That’s an easy scene to imagine, because employees and associates mention a certain intensity; Gary Fish expects no less of them than he does of himself.

“I’ve never worked for anyone who challenged me more as a chef,” said Deschutes Corporate Chef Jeff Usinowicz. “There’s always the challenge of getting better every day, and he’s not one to casually drop a ‘good job’ unless he really means it. But he’s inspirational too – at the Aspen Wine & Food Fest when Jose Andreas stopped by to say how much he liked my food, Gary raised a glass and said simply, ‘Here’s to Chef,’ – that meant a lot.

“I have a lot of love and respect for the guy,” Usinowicz said, “because he’s a true family man and the company is part of his family.”

“We have about 470 employees now (that number will edge closer to 500 early next year) and company parties do feel like family,” said Fish. “People have met here, people have gotten married, people have raised families – and now some of those kids can come in the pub and drink, it’s a pretty fine feeling.”
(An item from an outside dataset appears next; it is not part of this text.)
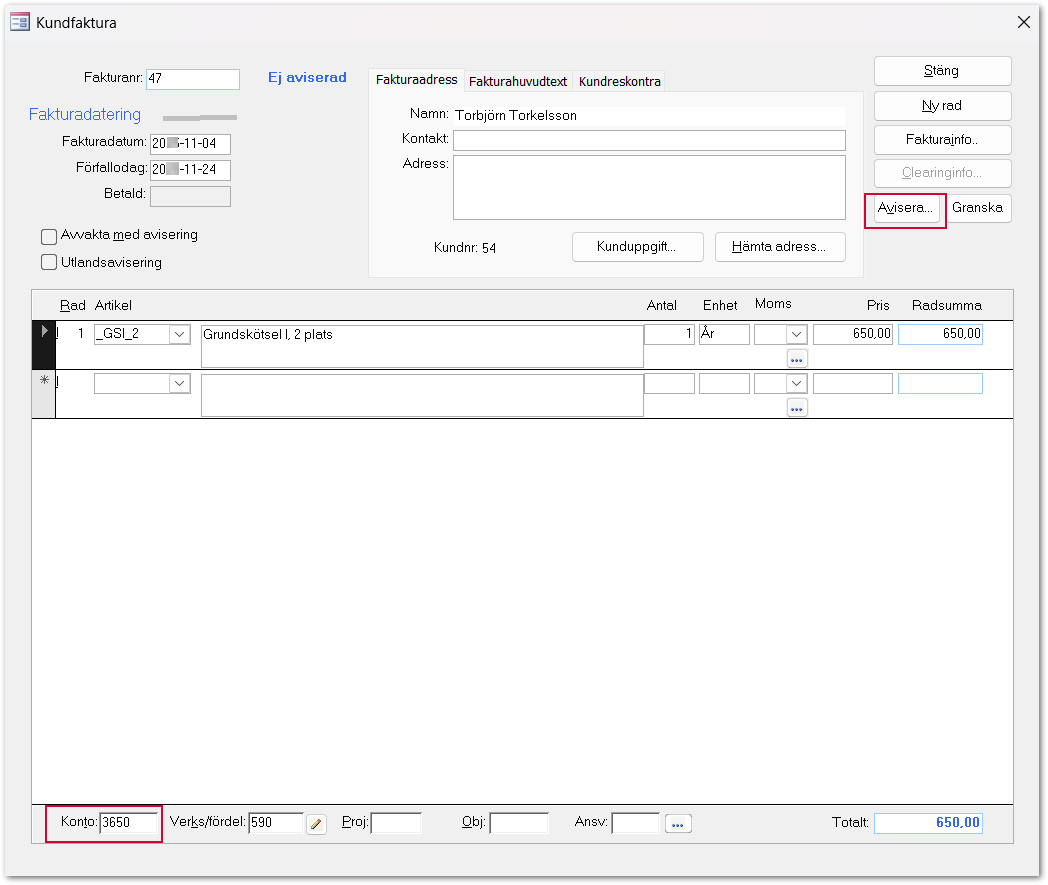 Formuläret Kundfaktura öppnas och här läggs artikeln/artiklarna in. Kontrollera så att det är ett intäktskonto ifyllt nere till vänster, eftersom faktureringsavtalen ska intäktsföras direkt.
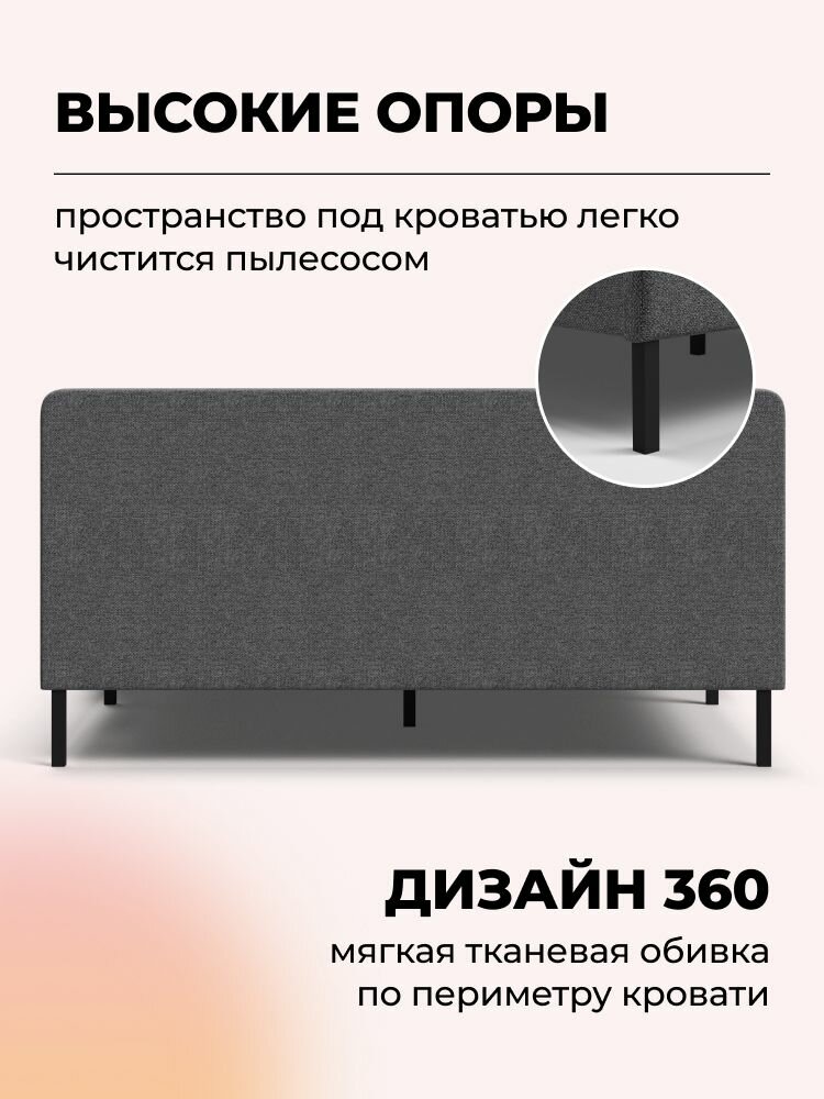 10 цен на Двуспальная кровать УНА, рогожка Malmo серый/черный, 160х200 см

But Fish had to rend that family asunder in early 2003 when he fired his brewmaster, Dr. Bill Pengelly, over a difference of direction as the brewery became ever more production-oriented. “When I let Bill Pengelly go, that sent shockwaves through an industry that protects and reveres its brewers,” said Fish.

In 2002, Deschutes added a partly automated 150-barrel Huppmann brewhouse to the existing 50 barrel production system, a signal that things had changed as the company scrambled to meet growing demand in the new century. “The business had changed from a brewpub to a manufacturing operation,” Fish said, “It was the conflict of growing the business against the desires of a group of brewers who wanted to keep a very hands-on style of brewing.”

Fish makes no bones about the restaurant guy being unequal to the challenges of rapid growth. “I didn’t realize the importance of setting common goals, and I let a group of people continue to do what they wanted, even when that wasn’t in the best interest of the company. When it became clear to me that the direction wasn’t beneficial and that we weren’t going to reach an agreement, I had to take action and correct my mistake.”

“I always thought of myself as a good restaurant manager, but I was completely out of my depth,” he continued. “I let things get to the breaking point and we lost a lot of years. The business could’ve grown bigger, sooner. But we learned some great lessons, too: fix problems one at a time; take care of your people; focus on the customer; and focus on the beer in the bottle.”

“I’m a pretty happy guy sitting here 26 years later,” he said. “Yes, there are some scars, but I’m proud of what we’ve done – and will do.”